Patrick Carr, Standard-Examiner

This photo taken Friday, Oct. 29, 2021, shows a rock wall constructed on the Adams Canyon trail that makes the trail less steep in one section.

Before, search and rescue teams bringing an injured hiker down through this section would need to set up a system of ropes and pulleys to get the hiker through this area, a process that would take about an hour. Now, it takes a few minutes.

Search and rescue teams welcomed the improvements wholeheartedly last year, since Adams Canyon is immensely popular and as such, is where most of the search and rescue calls come from.

Farther up the trail is a spot where there used to be sort of a steep, eroded dirt chute.

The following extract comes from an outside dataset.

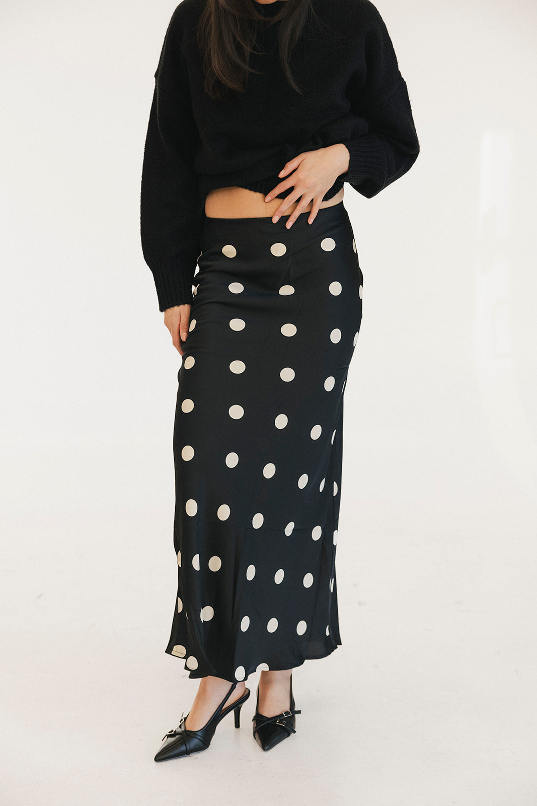 Elevate your everyday style with the Casey Satin Midi Skirt, featuring a timeless black and cream polka dot pattern that works beautifully for any occasion. The luxurious satin fabric drapes gracefully, creating an elegant silhouette that flatters all body types. An elastic waist ensures all-day comfort without sacrificing sophistication, making this midi skirt perfect for both casual outings and dressed-up events. Pair it with your favorite blouse or sweater for a polished look you'll love wearing again and again.

Now, there’s a rock, spiral staircase that takes hikers back onto the side hill. Hales praised the crews who spent time to work on the trail, but particularly with the rock staircase.

Despite the trail improvements, there are still some issues. Forest Service crews sometimes move rocks and brush over spots that aren’t part of the trail in an effort to keep hikers on the actual trail.

One such spot was high up near the waterfall, where Hales said he’d personally moved some rocks and brush to cover a part of the creek bed that isn’t part of the trail. Those rocks and brush were cleared out of the way maybe a week after Hales had moved them there.

Another trouble spot is the bridge that crosses the creek about halfway up the trail. The bridge is slanted uphill and part of it has rotted away, but due to its size — about 15 feet — it’s going to be a difficult thing to completely fix.

The area itself has been under construction dating back to early 2020. Along with the actual trail improvements, the trailhead parking lot is completely revamped with dozens of paved parking spaces as part of the massive Highway 89 reconstruction.

There are future plans at the parking lot for bathrooms, water fountains and an informational trail kiosk as part of a joint project between the Utah Department of Transportation and Layton City Parks and Recreation.